- [Try it]
Copy, exactly as written, the lines that begin at the one containing "2022年11月18日19:00,76n" and end at the one containing "메타보 CAS 배터리 LiHD 18V 4.0AH (타 브랜드 호환 가능)". Skip any pictures in the data below.

- [Supplied material]

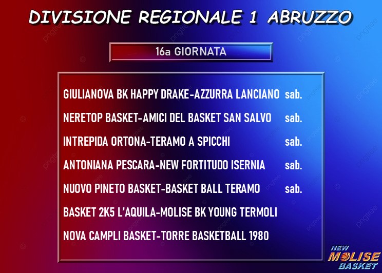 La capolista Lanciano, che ormai punta a vincere tutte le partite in questa stagione, è di scena sul campo del Giulianova Happy Drake con tutti i favori del pronostico, così come favorite sono le due seconde, Campli e Nereto, che affrontano, entrambe in casa, rispettivamente Torre de’ Passeri e San Salvo. Pineto-Basket Ball Teramo è la gara più interessante della giornata, chiude il quadro degli incontri in programma il match fra Ortona e Teramo a Spicchi.
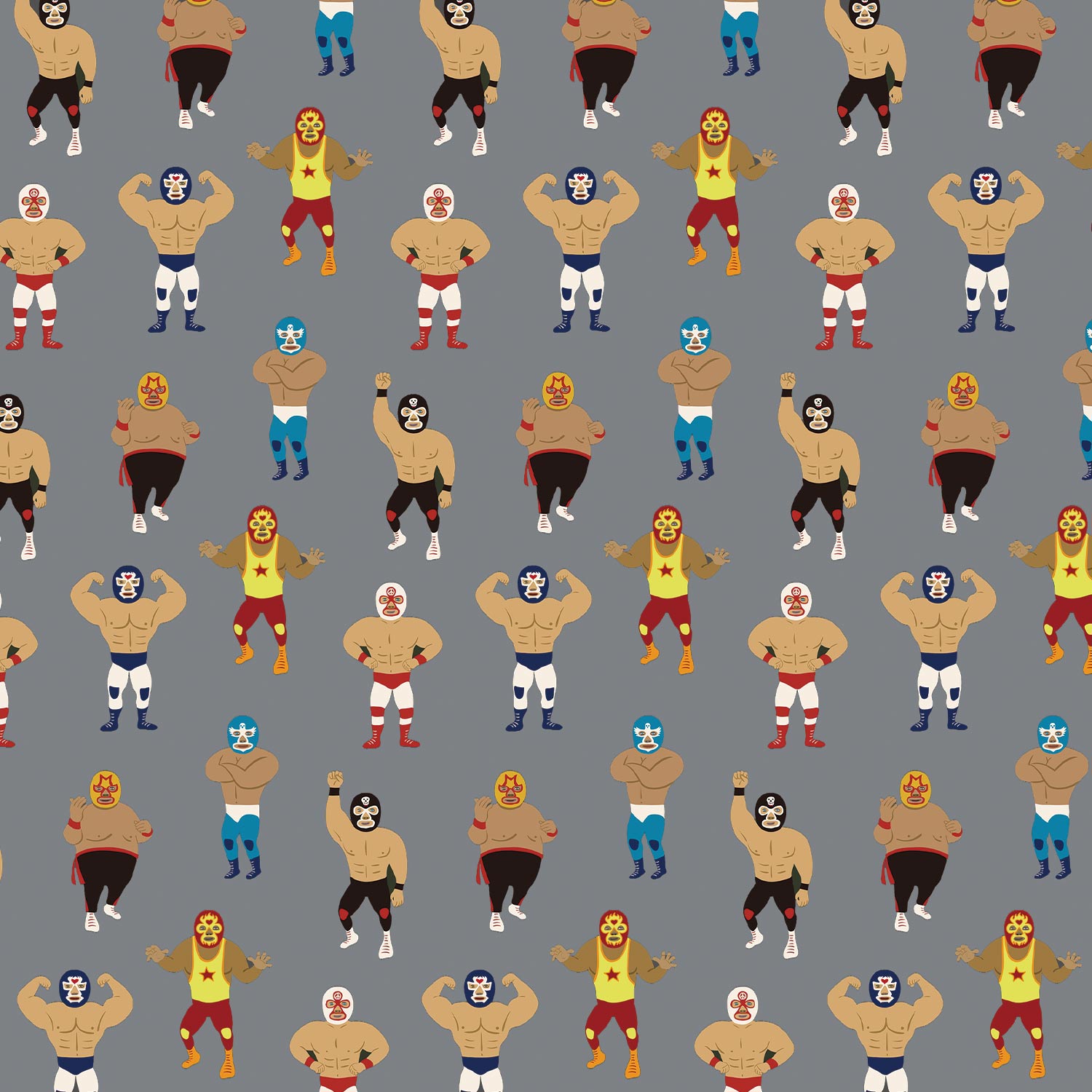 個性豊かな覆面レスラーがリングを飛び出し賑やかな総柄に!
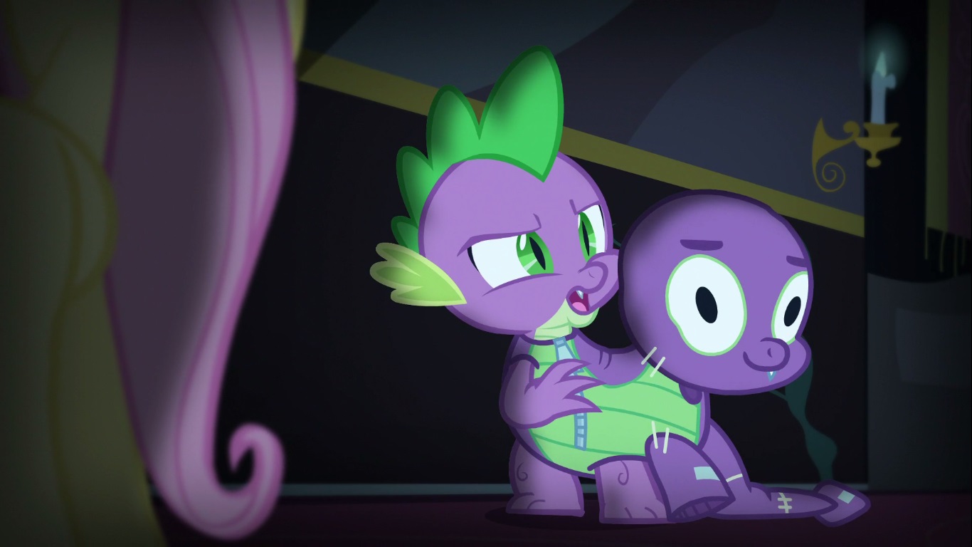 Getting nowhere fast in town (apparently buying vegetables in COMPELETLY IMPOSSIBLE right now) she heads over to Twilight’s Doom Fortress to see if she has anything stockpiled. Doesn’t seem like a great idea to go to a dark and empty (therefore spooky) castle all alone when you’ve already psyched yourself up for the terrors surrounding you, but then again I don’t have to go back to a physically abusive rabbit, now do I? After wandering the halls for some time, she eventually runs into a truly terrifying sight to behold. Spike’s costume is from a Farrelly Brothers film!!!
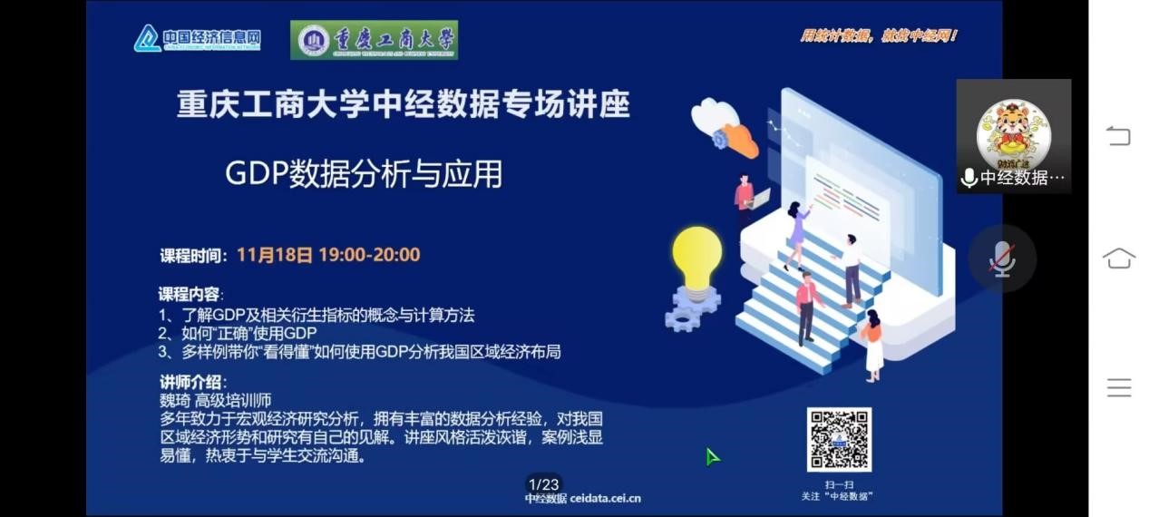2022年11月18日19:00,76net必赢线路检测中心联合图书馆在线上开展“GDP数据分析与应用——助你‘看得懂’我国区域经济布局”专题讲座。本次讲座邀请了中国经济信息网张玥老师和魏琦老师主讲,旨在介绍GDP数据分析与应用,带领同学们了解GDP及相关衍生指标的概念及计算方法。
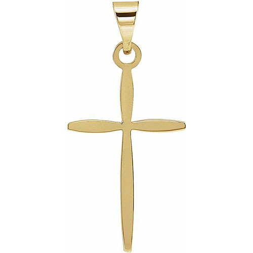 This small tapered cross pendant is made of polished solid 14k yellow gold. Dimensions: 17x11mm. This item is slightly smaller than a dime. Bail size: 2.25 x 3.25mm. We recommend a chain no wider then 2.00mm. Approximate weight: 0.26 grams.
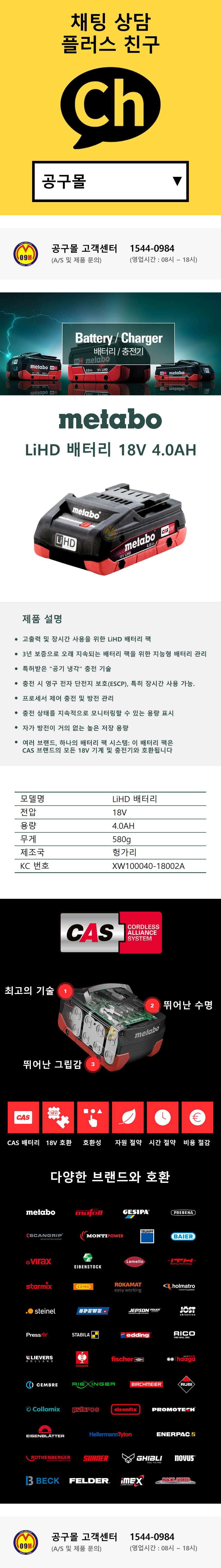 메타보 CAS 배터리 LiHD 18V 4.0AH (타 브랜드 호환 가능)
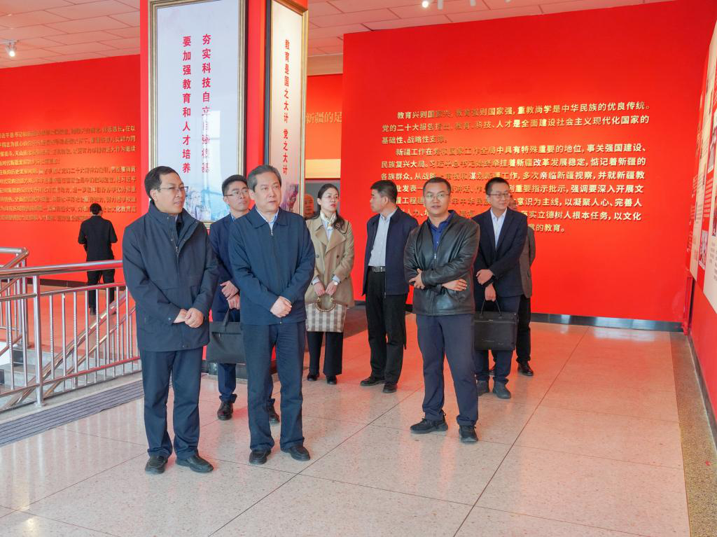 劉朋建一行重點考察了國家語言文字推廣基地(昌吉學(xué)院)、昌吉學(xué)院鑄牢中華民族共同體意識教育研學(xué)基地、圖書館朗讀設(shè)備、昌吉學(xué)院普通話水平測試站,參觀了習(xí)近平總書記在新疆的足跡展、中國共產(chǎn)黨精神譜系長廊、馬克思主義學(xué)院實訓(xùn)室、航空服務(wù)教育中心、航空器維修訓(xùn)練中心、準(zhǔn)東研究院等。

- [Solved problem]
2022年11月18日19:00,76net必赢线路检测中心联合图书馆在线上开展“GDP数据分析与应用——助你‘看得懂’我国区域经济布局”专题讲座。本次讲座邀请了中国经济信息网张玥老师和魏琦老师主讲,旨在介绍GDP数据分析与应用,带领同学们了解GDP及相关衍生指标的概念及计算方法。
 This small tapered cross pendant is made of polished solid 14k yellow gold. Dimensions: 17x11mm. This item is slightly smaller than a dime. Bail size: 2.25 x 3.25mm. We recommend a chain no wider then 2.00mm. Approximate weight: 0.26 grams.
 메타보 CAS 배터리 LiHD 18V 4.0AH (타 브랜드 호환 가능)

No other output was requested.